I think you misunderstand me and my point. I'm all for solar and wind energy, but these are not nearly the slam dunk magic bullet fixes people proclaim them to be.

Similar to how the best thing you can do vehicle wise (aside from not using one or taking public transit) is to keep your 4-cylinder econobox and drive it until it doesn't anymore. NOT run out and buy the new sexy all electric vehicle with the lithium batteries (which are awful for the environment) and just get powered ny whatever powers your wall at home anyway (hint, it's mostly natural gas).

There's a reason it is REDUCE, REUSE. RECYCLE, in that order. That's the order of impact.

Almost everything done or suggested to date is greenwashing at beat, or deliberately leaving details out at worst.

The energy and carbon cost to fabricate a wind turbine and ship it overseas is astronomical.

At least with solar panels it's a low production cost and you can cram a lot of them into a 40ft container to amortize the shipping cost impact across a lot of panels making it somewhat less of an impact.

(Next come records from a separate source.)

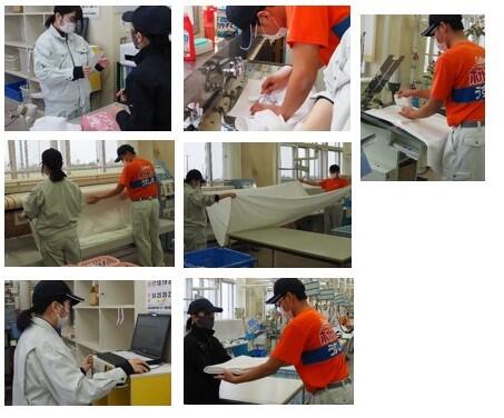クリーニング科では、職員・生徒の自己紹介で場が和んだ後、おしぼり包装やYシャツクリーニングなどの作業種の紹介、2・3年生生徒が1年生に実習室と作業で使用する機械の説明を行いました。おしぼり包装を実際に2・3年生が実演し、1年生も体験することができました。
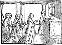 Description: This is the second of two engravings illustrating the blessing of a new cross for a church. The bishop kneels before the cross, now placed on the altar.
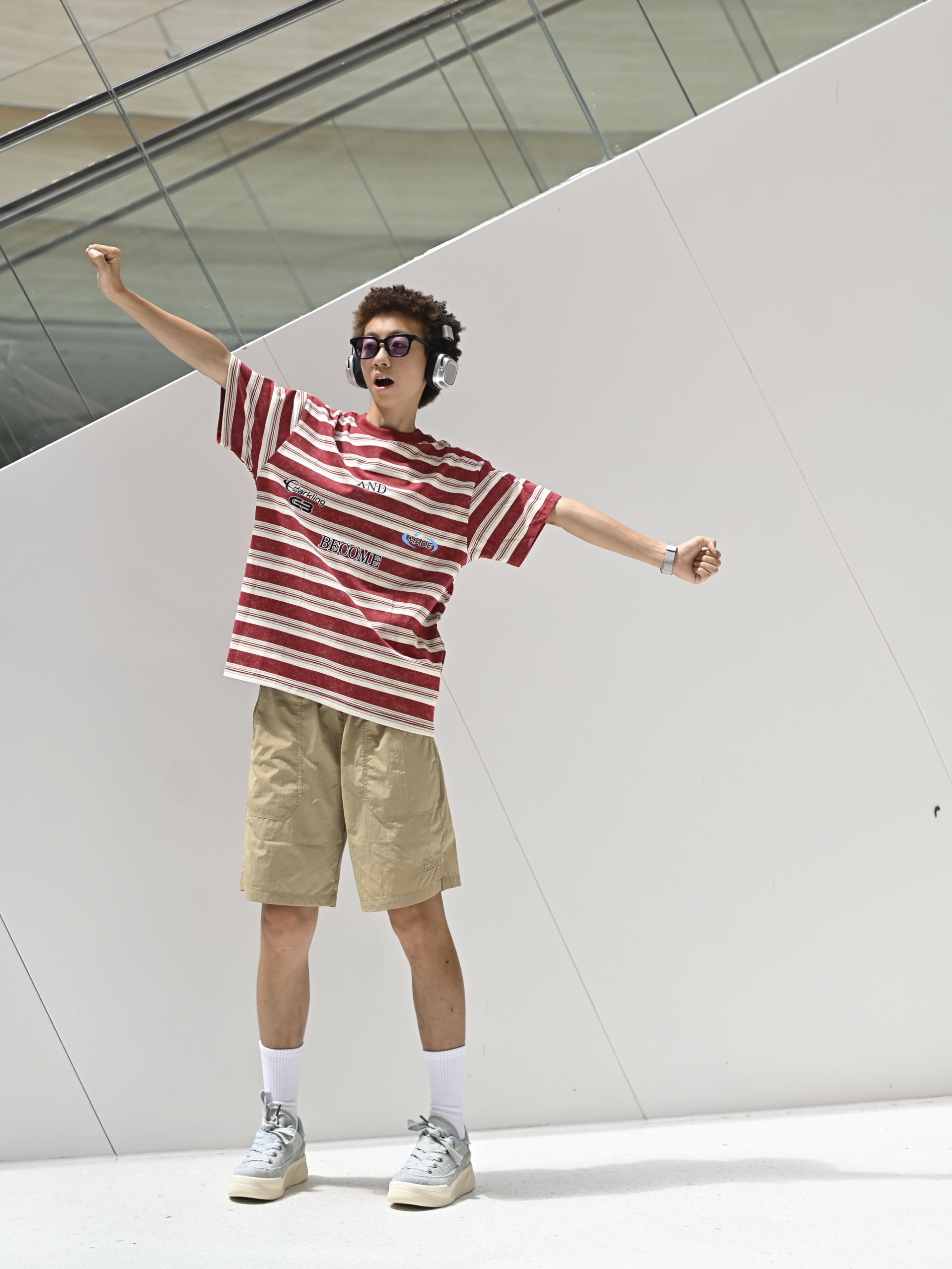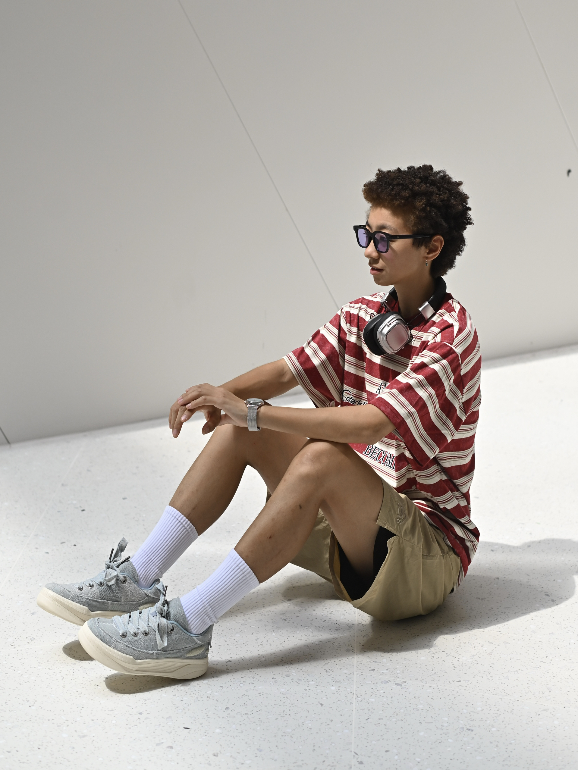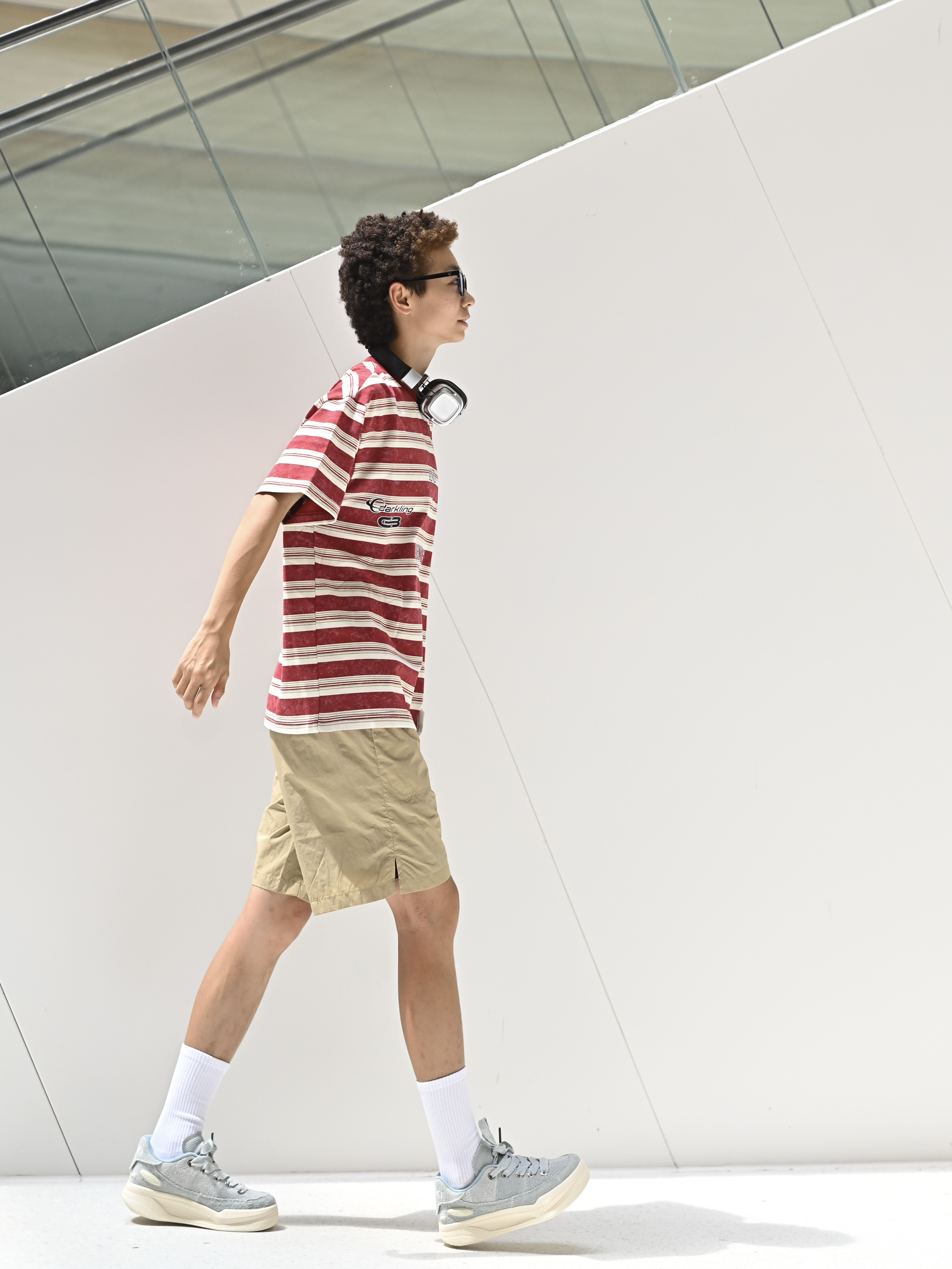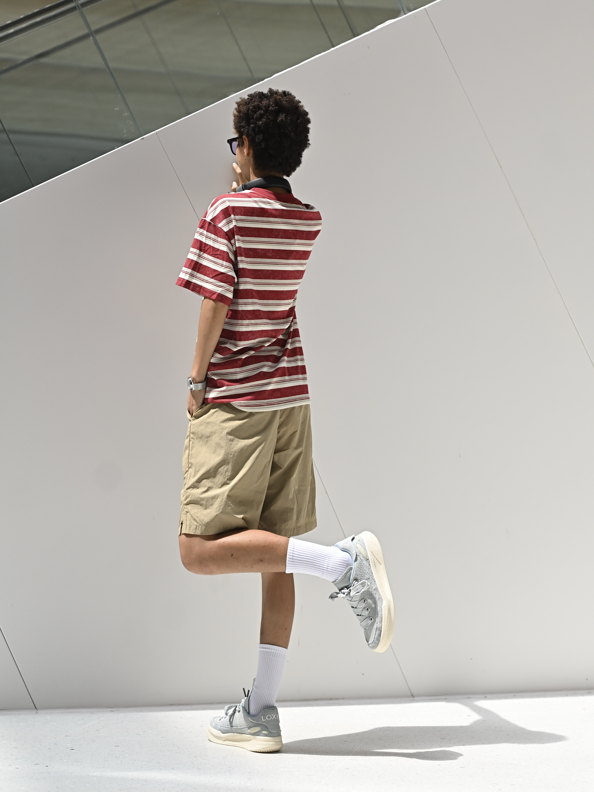 欢迎进入无敌小圆哇子的穿搭分享频道 172CM|55KG 👔:m👖:m|👟:39码 随机蓝调!LOXKI牛仔拼板鞋点亮基础款 | 红白条 + 卡其裤 今天份复古穿搭来也 脚上这双LOXKI Alpha小圆鞋 是整套look的“意外惊喜” 重点是轻便好走还悄悄增高耶✌️ 上身是经典耐看的红白条纹短袖 搭了条柔和百搭的卡其色短裤 时髦感拉满 出门咯~
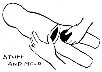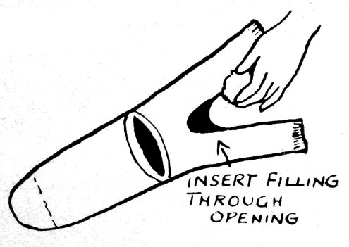 Turn sock right side out. Stuff with one hand and mold shape to suit with other.
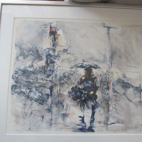 Inramad tavla med motiv av två personer med cyklar. Bilden är utförd i flera färger med tydliga inslag av svart, gult, rött och blått. Tavlan är monterad med passepartout och har en enkel guldfärgad ram. Baksidan är försedd med upphängningsvajer för väggmontering. Passar som väggdekoration i exempelvis vardagsrum, hall eller kontor.
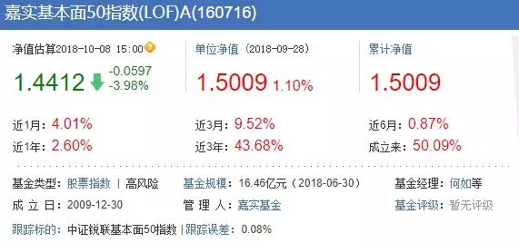 嘉实基本面50指数(LOF)A净值下跌1.06%
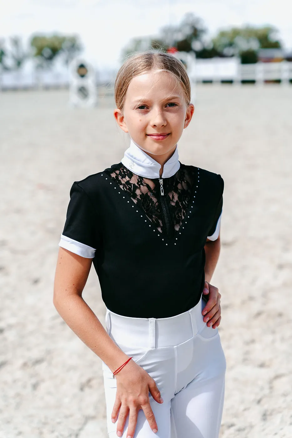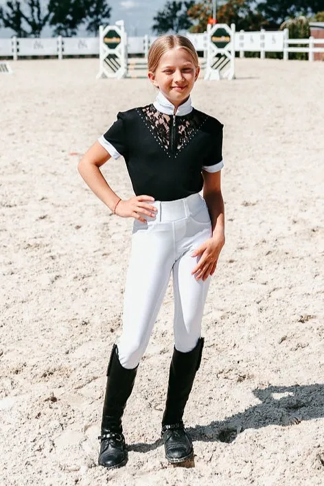 Konkursowe legginsy Marta wykonane ze szczególnie elastycznej, najwyższej jakości tkaniny, która idealnie dopasuje się do kształtów Twojej sylwetki. Posiadają wysoki stan, który idealnie dopasuje się do twojej sylwetki, nie ograniczając jednocześnie ruchów w siodle. Idealnie rozwiązanie dla amazonek ceniących sobie świetny wygląd i elegancję w połączeniu z maksymalnym komfortem.
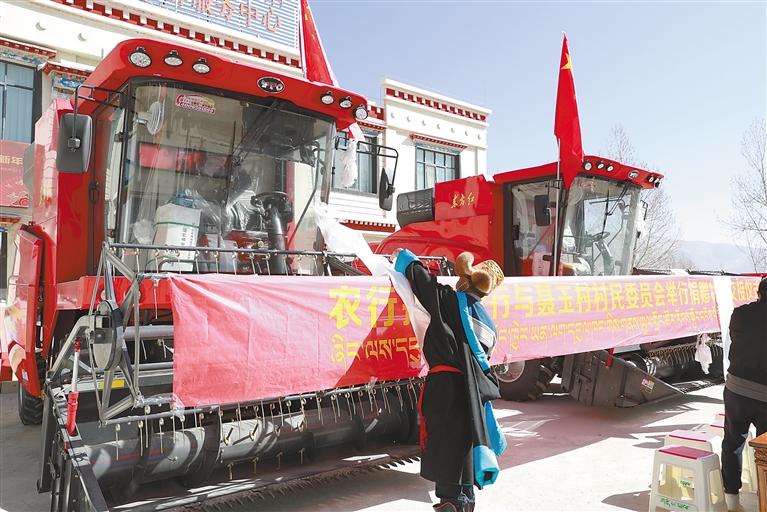 農(nóng)行拉薩分行向該行駐村點(diǎn)尼木縣聶玉村捐贈大型收割機(jī)。

If you care about the environment, don't just support sexy big initiatives (at least not without fully understand the total life cycle of their impacts), but make smaller changes to REDUCE your own impact.

Keep your thermostat at a moderate temp at put a sweatshirt on (or shorts depending on the season). Dry your clothes on a line, not in the dryer. Don't buy/lease a new car every 3 years, run your existing one into the ground or bike/walk or take mass transit.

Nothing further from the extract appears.